(Source information begins)

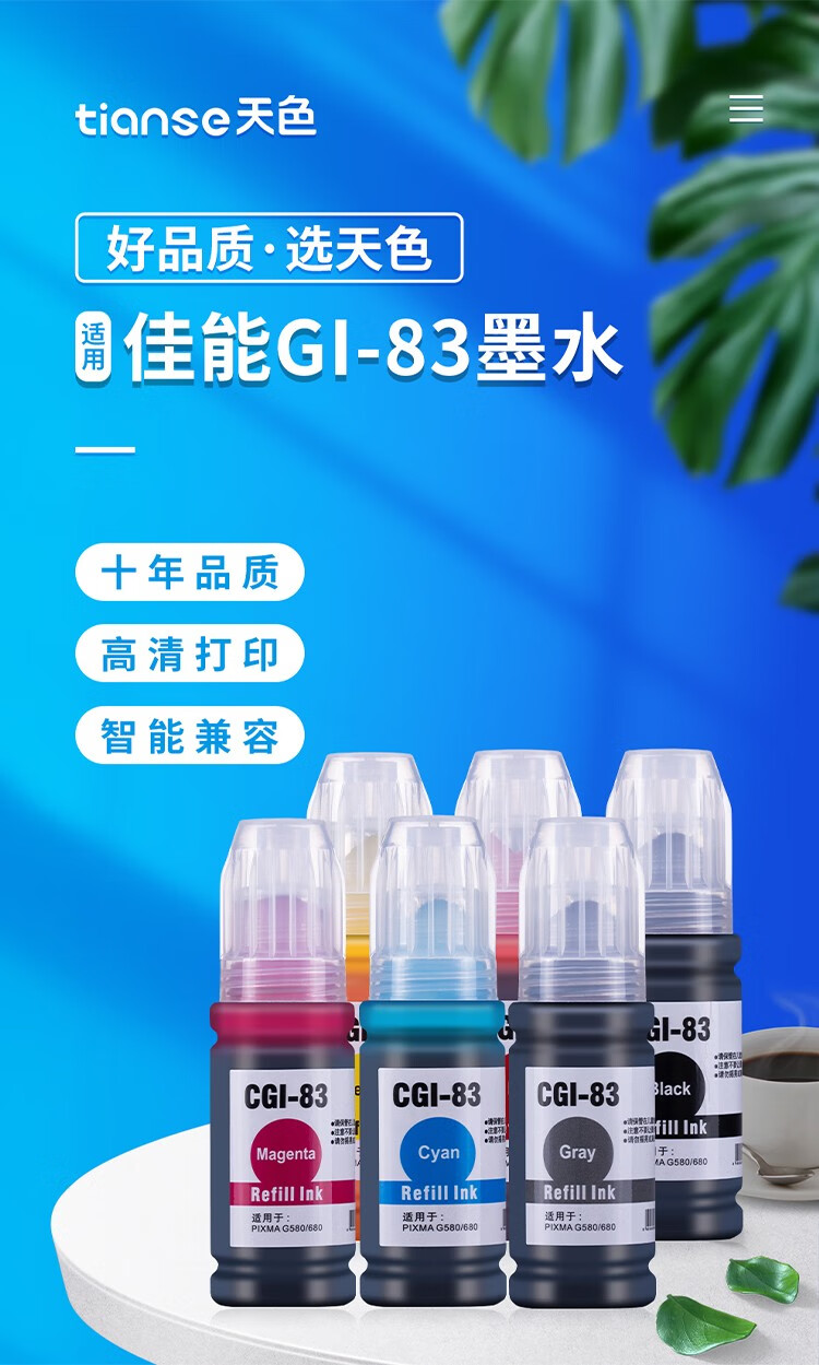 天色(8000頁)GI-83墨水 藍(lán)色適用佳能GI-83墨水G680、G580墨盒打印機(jī)耗材 【8000頁】藍(lán)色
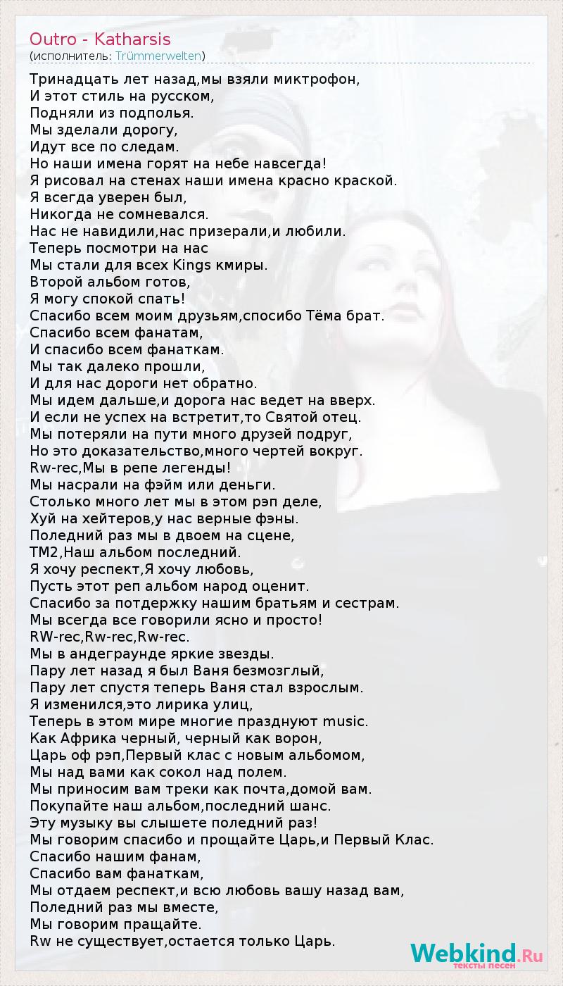 Тринадцать лет назад,мы взяли миктрофон, И этот стиль на русском, Подняли из подполья. Мы зделали дорогу, Идут все по следам. Но наши имена горят на небе навсегда! Я рисовал на стенах наши имена красно краской. Я всегда уверен был, Никогда не сомневался. Нас не навидили,нас призерали,и любили. Теперь посмотри на нас Мы стали для всех Kings кмиры. Второй альбом готов, Я могу спокой спать! Спасибо всем моим друзьям,спосибо Тёма брат. Спасибо всем фанатам, И спасибо всем фанаткам. Мы так далеко прошли, И для нас дороги нет обратно. Мы идем дальше,и дорога нас ведет на вверх. И если не успех на встретит,то Святой отец. Мы потеряли на пути много друзей подруг, Но это доказательство,много чертей вокруг. Rw-rec,Мы в репе легенды! Мы насрали на фэйм или деньги. Столько много лет мы в этом рэп деле, Хуй на хейтеров,у нас верные фэны. Поледний раз мы в двоем на сцене, ТМ2,Наш альбом последний. Я хочу респект,Я хочу любовь, Пусть этот реп альбом народ оценит. Спасибо за потдержку нашим братьям и сестрам. Мы всегда все говорили ясно и просто! RW-rec,Rw-rec,Rw-rec. Мы в андеграунде яркие звезды. Пару лет назад я был Ваня безмозглый, Пару лет спустя теперь Ваня стал взрослым. Я изменился,это лирика улиц, Теперь в этом мире многие празднуют music. Как Африка черный, черный как ворон, Царь оф рэп,Первый клас с новым альбомом, Мы над вами как сокол над полем. Мы приносим вам треки как почта,домой вам. Покупайте наш альбом,последний шанс. Эту музыку вы слышете поледний раз! Мы говорим спасибо и прощайте Царь,и Первый Клас. Спасибо нашим фанам, Спасибо вам фанаткам, Мы отдаем респект,и всю любовь вашу назад вам, Поледний раз мы вместе, Мы говорим пращайте. Rw не существует,остается только Царь.
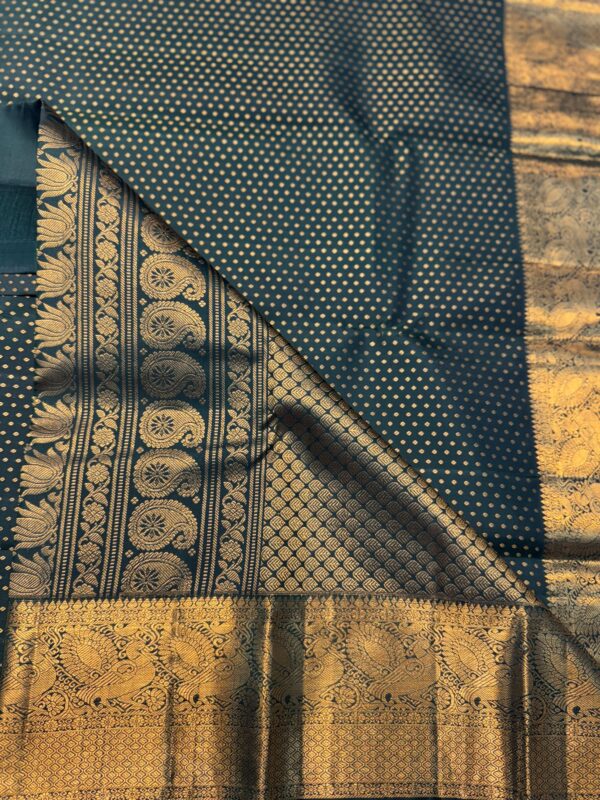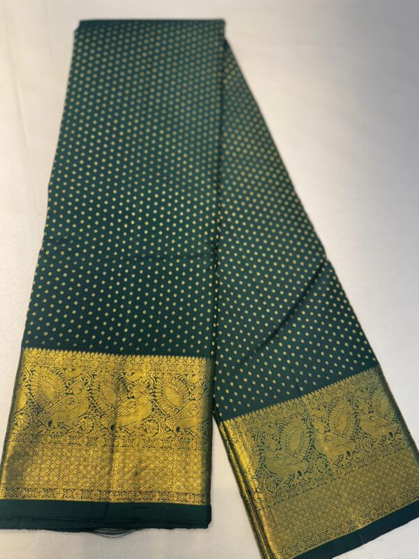 - Design: The body features a classic chevron pattern, leading to a grand pallu embellished with intricate peacock motifs.
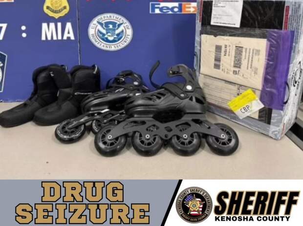 “With the assistance of U.S. Customs and Border Protection, the wheels of the rollerblades were identified as suspicious,” the Kenosha County Sheriff’s Department wrote.
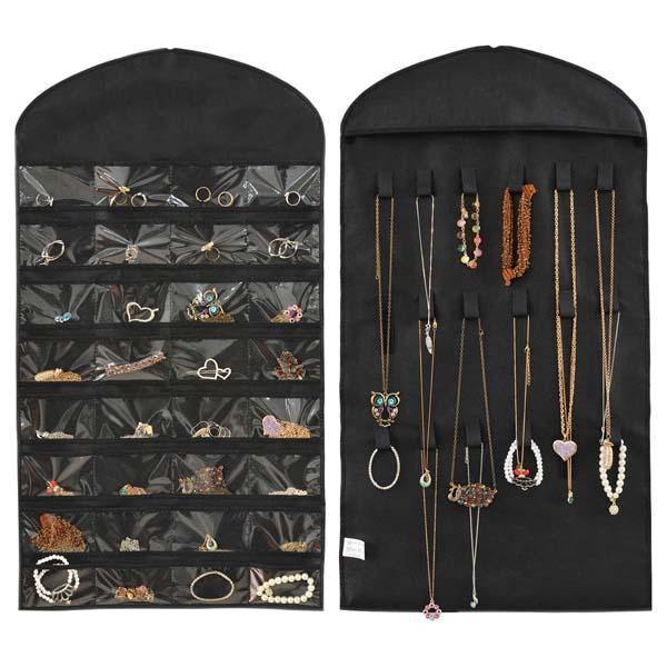 Organize suas jóias com este organizador pendurado de jóias! Este organizador de jóias possui 32 bolsos e laços de velcro na parte de trás para armazenar jóias facilmente.
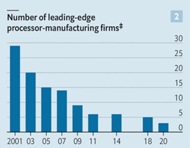 進(jìn)入千禧之年,一家尖端工廠(chǎng)可能要花費 10 億美元。管理咨詢(xún)公司麥肯錫(McKinsey) 2011 年的一份報告指出,一家先進(jìn)晶圓廠(chǎng)的通常成本為 30-40 億美元。最近,臺積電 2020 年在臺灣南部建成的 3 納米制程工廠(chǎng)耗資 195 億美元。臺積電已經(jīng)在考慮 2 納米芯片,其耗費的投資肯定會(huì )更高。英特爾的步履蹣跚使其被孤立在 10nm 業(yè)務(wù)之中,其老板鮑勃·斯旺(Bob Swan)也因此丟了工作,其繼任者帕特·格爾辛格(Pat Gelsinger)將需要決定公司是否要繼續生產(chǎn)芯片。與臺積電不同,英特爾也設計自己的芯片。潛在的新入圍者面臨著(zhù)超高的門(mén)檻。每有一項技術(shù)進(jìn)步,晶圓廠(chǎng)的經(jīng)濟效益就會(huì )將入圍門(mén)檻推得更高。
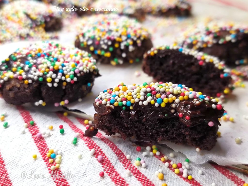 Mientras tanto, prepara la ganache, puedes seguir siempre esta receta. Cuando las galletas estén frías, úntales la ganache y cúbrelas con los azúcares de colores. En este punto, no te queda más que probar estas delicias
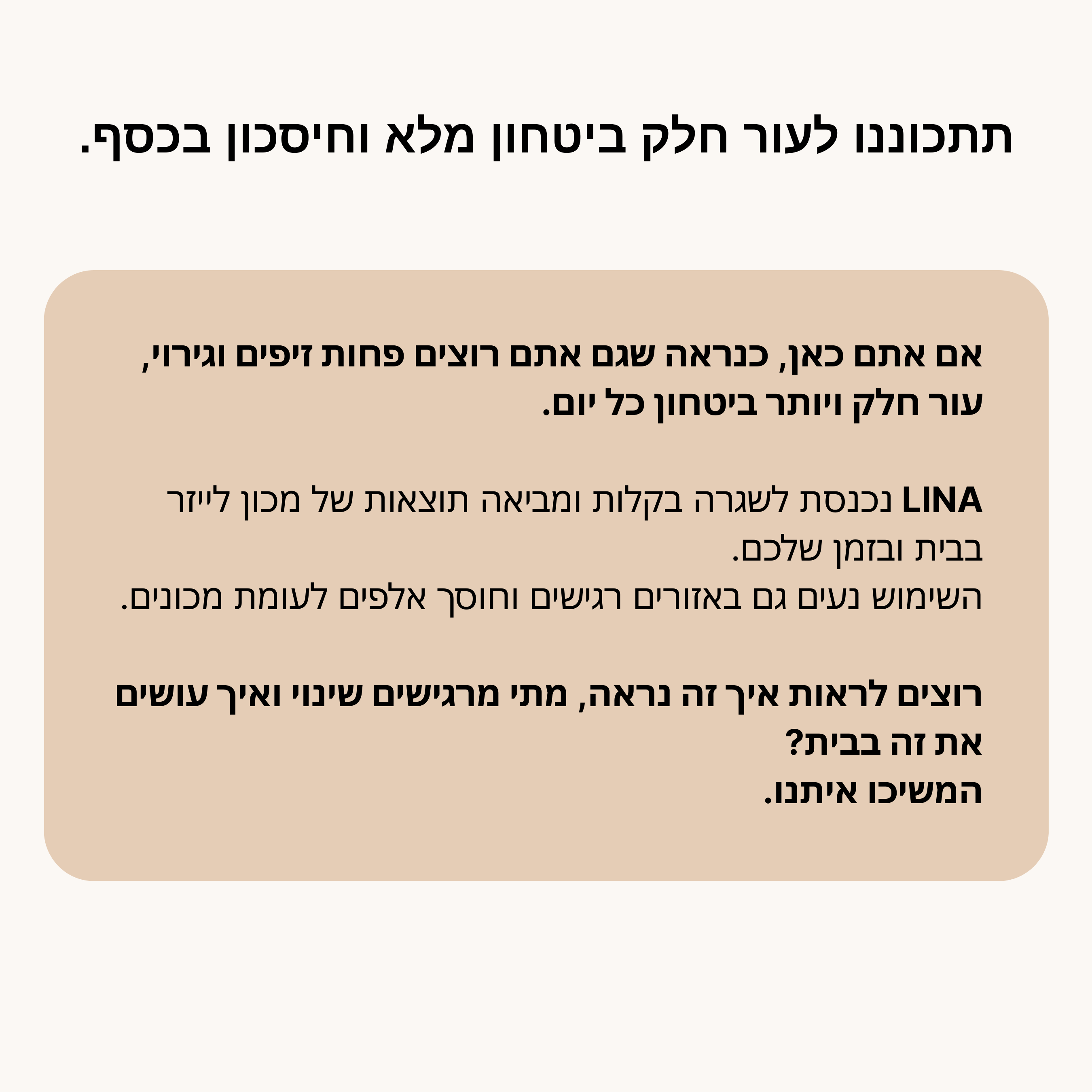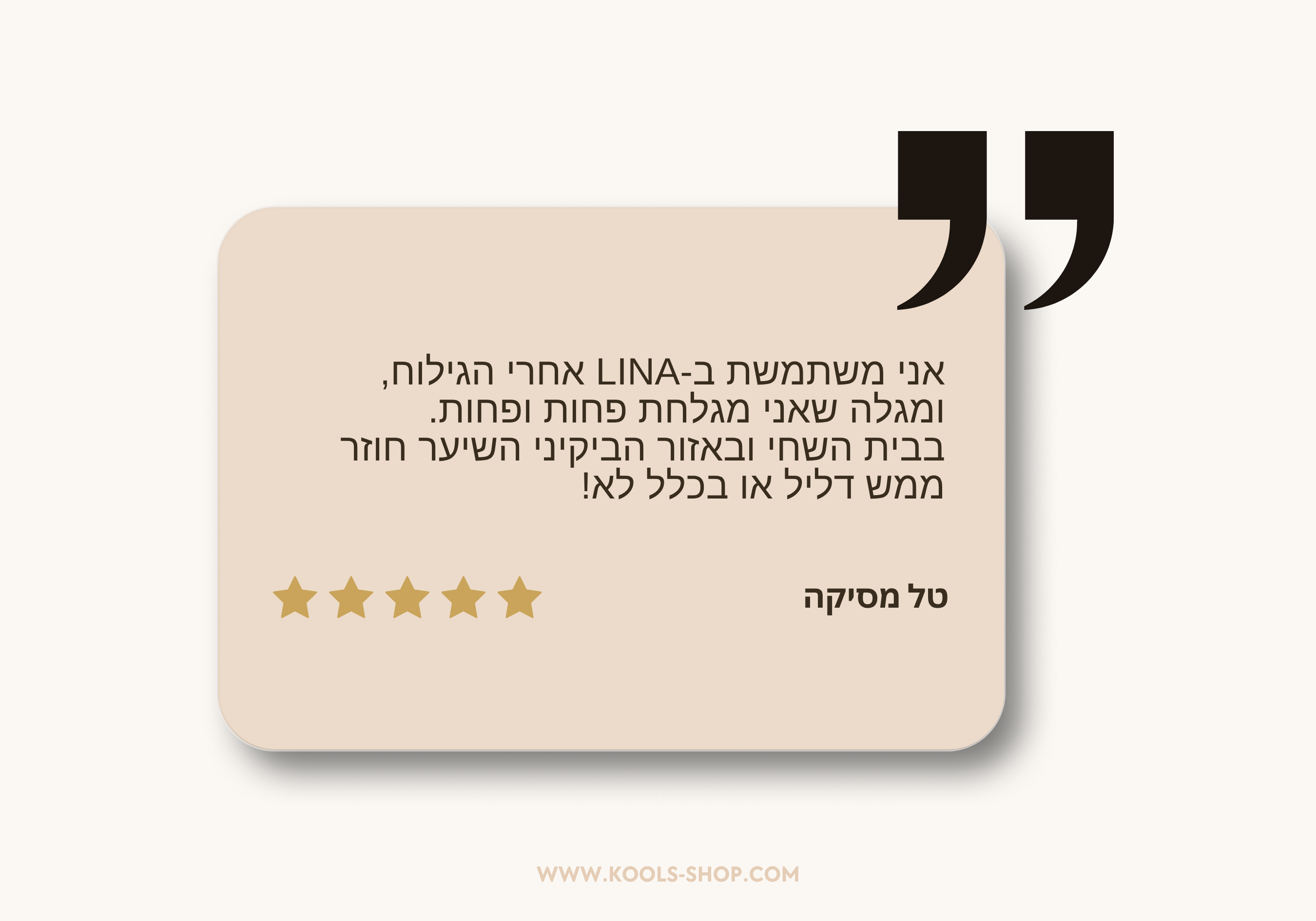 אנחנו מעניקים אחריות לשנה והחזר מלא עד 90 יום לכל רכישת LINA.
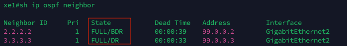 Here XE3 is elected as the DR because it has the highest router-id number, followed by XE2 as the BDR, while XE1 remains in DROTHER status.
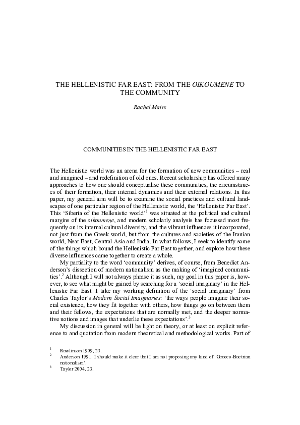 Pdf The Hellenistic Far East From The Oikoumene To The Community Rachel Mairs Academia Edu
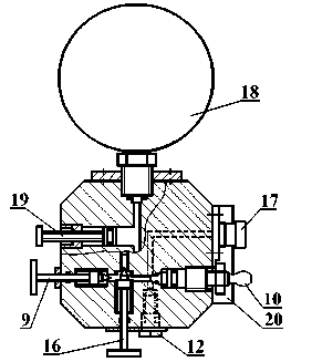 7.1.4. Закрыть вентиль (9), отвести поршень (4) в положение, соответствующее требуемому соотношению фаз, открыть вентиль (16), при этом нефть, турбулизируясь, перейдет из дозировочного отсека (14) в пробоотборную камеру (3), и снять показание давления по манометру (18).

(Source information ends)

**The problem:**
Print the data exactly, from its first line to the line containing "- Design: The", both included. Omit the pictures.

**Response area:**
 天色(8000頁)GI-83墨水 藍(lán)色適用佳能GI-83墨水G680、G580墨盒打印機(jī)耗材 【8000頁】藍(lán)色
 Тринадцать лет назад,мы взяли миктрофон, И этот стиль на русском, Подняли из подполья. Мы зделали дорогу, Идут все по следам. Но наши имена горят на небе навсегда! Я рисовал на стенах наши имена красно краской. Я всегда уверен был, Никогда не сомневался. Нас не навидили,нас призерали,и любили. Теперь посмотри на нас Мы стали для всех Kings кмиры. Второй альбом готов, Я могу спокой спать! Спасибо всем моим друзьям,спосибо Тёма брат. Спасибо всем фанатам, И спасибо всем фанаткам. Мы так далеко прошли, И для нас дороги нет обратно. Мы идем дальше,и дорога нас ведет на вверх. И если не успех на встретит,то Святой отец. Мы потеряли на пути много друзей подруг, Но это доказательство,много чертей вокруг. Rw-rec,Мы в репе легенды! Мы насрали на фэйм или деньги. Столько много лет мы в этом рэп деле, Хуй на хейтеров,у нас верные фэны. Поледний раз мы в двоем на сцене, ТМ2,Наш альбом последний. Я хочу респект,Я хочу любовь, Пусть этот реп альбом народ оценит. Спасибо за потдержку нашим братьям и сестрам. Мы всегда все говорили ясно и просто! RW-rec,Rw-rec,Rw-rec. Мы в андеграунде яркие звезды. Пару лет назад я был Ваня безмозглый, Пару лет спустя теперь Ваня стал взрослым. Я изменился,это лирика улиц, Теперь в этом мире многие празднуют music. Как Африка черный, черный как ворон, Царь оф рэп,Первый клас с новым альбомом, Мы над вами как сокол над полем. Мы приносим вам треки как почта,домой вам. Покупайте наш альбом,последний шанс. Эту музыку вы слышете поледний раз! Мы говорим спасибо и прощайте Царь,и Первый Клас. Спасибо нашим фанам, Спасибо вам фанаткам, Мы отдаем респект,и всю любовь вашу назад вам, Поледний раз мы вместе, Мы говорим пращайте. Rw не существует,остается только Царь.
 - Design: The body features a classic chevron pattern, leading to a grand pallu embellished with intricate peacock motifs.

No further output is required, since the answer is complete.